Exercise
Reproduce word for word the line holding "Auf einem tiefen" and all lines after it in the data, through the end, leaving out pictures.

Material provided
--------------------------------------------------

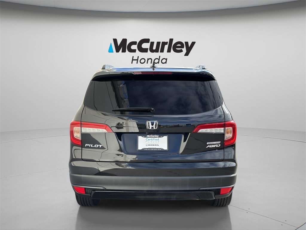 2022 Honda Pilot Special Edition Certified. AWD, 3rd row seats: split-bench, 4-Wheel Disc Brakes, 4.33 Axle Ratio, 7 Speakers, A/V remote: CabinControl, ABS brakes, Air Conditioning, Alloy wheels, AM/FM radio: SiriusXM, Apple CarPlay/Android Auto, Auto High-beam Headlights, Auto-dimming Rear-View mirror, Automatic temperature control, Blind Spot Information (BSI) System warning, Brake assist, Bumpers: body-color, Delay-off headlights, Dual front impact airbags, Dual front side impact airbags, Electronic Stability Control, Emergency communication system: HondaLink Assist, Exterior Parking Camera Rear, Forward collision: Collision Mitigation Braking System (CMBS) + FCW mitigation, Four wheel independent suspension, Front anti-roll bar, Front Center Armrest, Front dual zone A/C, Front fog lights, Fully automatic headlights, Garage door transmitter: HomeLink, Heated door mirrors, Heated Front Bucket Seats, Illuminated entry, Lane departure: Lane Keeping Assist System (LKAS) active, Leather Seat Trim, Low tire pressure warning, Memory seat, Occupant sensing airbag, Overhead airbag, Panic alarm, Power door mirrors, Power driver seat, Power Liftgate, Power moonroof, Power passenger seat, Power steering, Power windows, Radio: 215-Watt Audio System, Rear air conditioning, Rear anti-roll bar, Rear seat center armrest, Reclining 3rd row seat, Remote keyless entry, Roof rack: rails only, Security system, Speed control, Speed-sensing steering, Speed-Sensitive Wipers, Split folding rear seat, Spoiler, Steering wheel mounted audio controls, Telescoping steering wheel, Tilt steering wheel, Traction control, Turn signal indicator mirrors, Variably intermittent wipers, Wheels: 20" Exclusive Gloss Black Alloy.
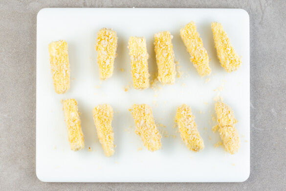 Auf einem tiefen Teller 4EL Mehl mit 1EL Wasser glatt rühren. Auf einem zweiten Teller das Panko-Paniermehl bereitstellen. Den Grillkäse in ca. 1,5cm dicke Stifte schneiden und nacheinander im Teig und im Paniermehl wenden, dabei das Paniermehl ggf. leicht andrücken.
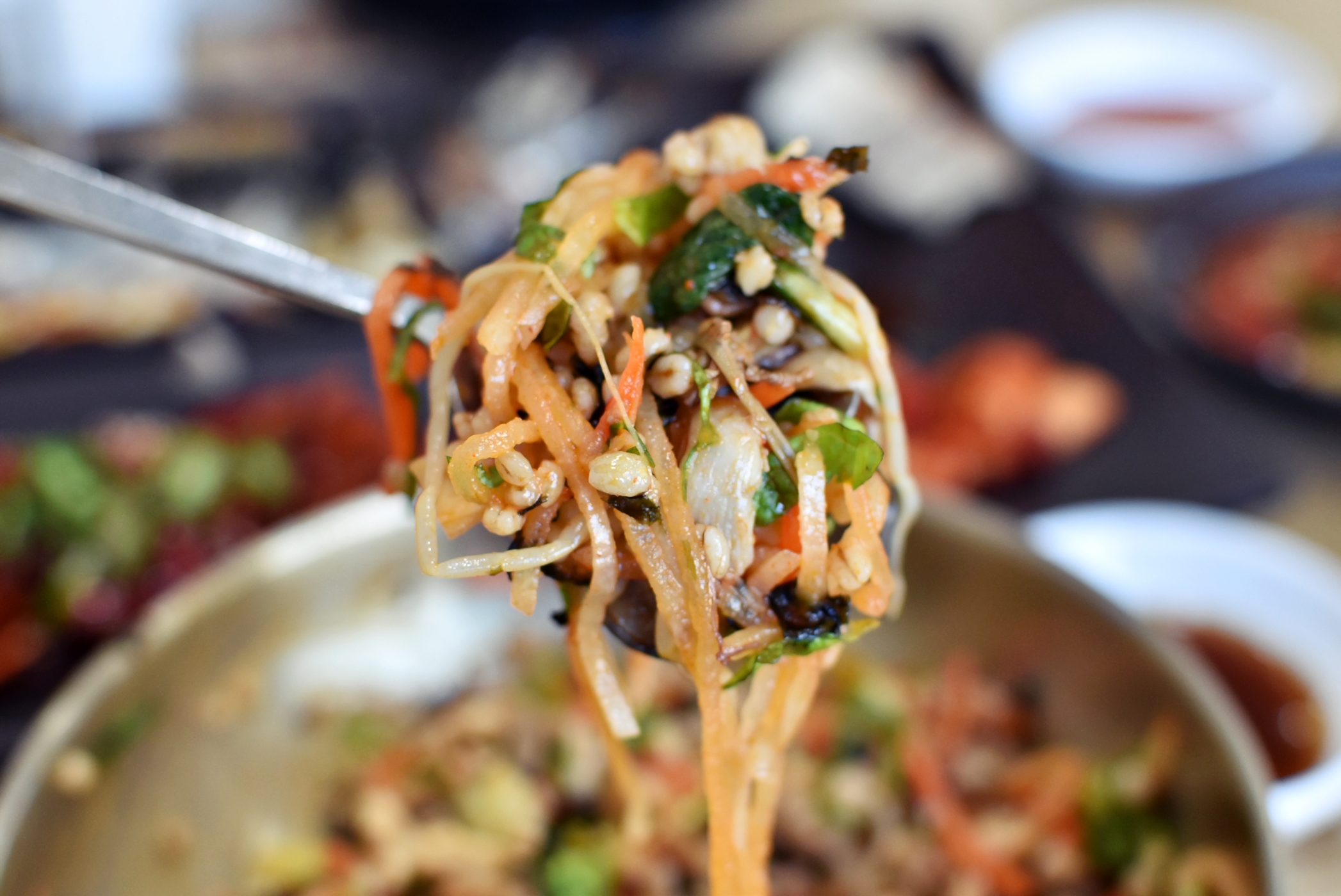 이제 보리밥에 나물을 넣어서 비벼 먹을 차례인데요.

--------------------------------------------------

Task output
 Auf einem tiefen Teller 4EL Mehl mit 1EL Wasser glatt rühren. Auf einem zweiten Teller das Panko-Paniermehl bereitstellen. Den Grillkäse in ca. 1,5cm dicke Stifte schneiden und nacheinander im Teig und im Paniermehl wenden, dabei das Paniermehl ggf. leicht andrücken.
 이제 보리밥에 나물을 넣어서 비벼 먹을 차례인데요.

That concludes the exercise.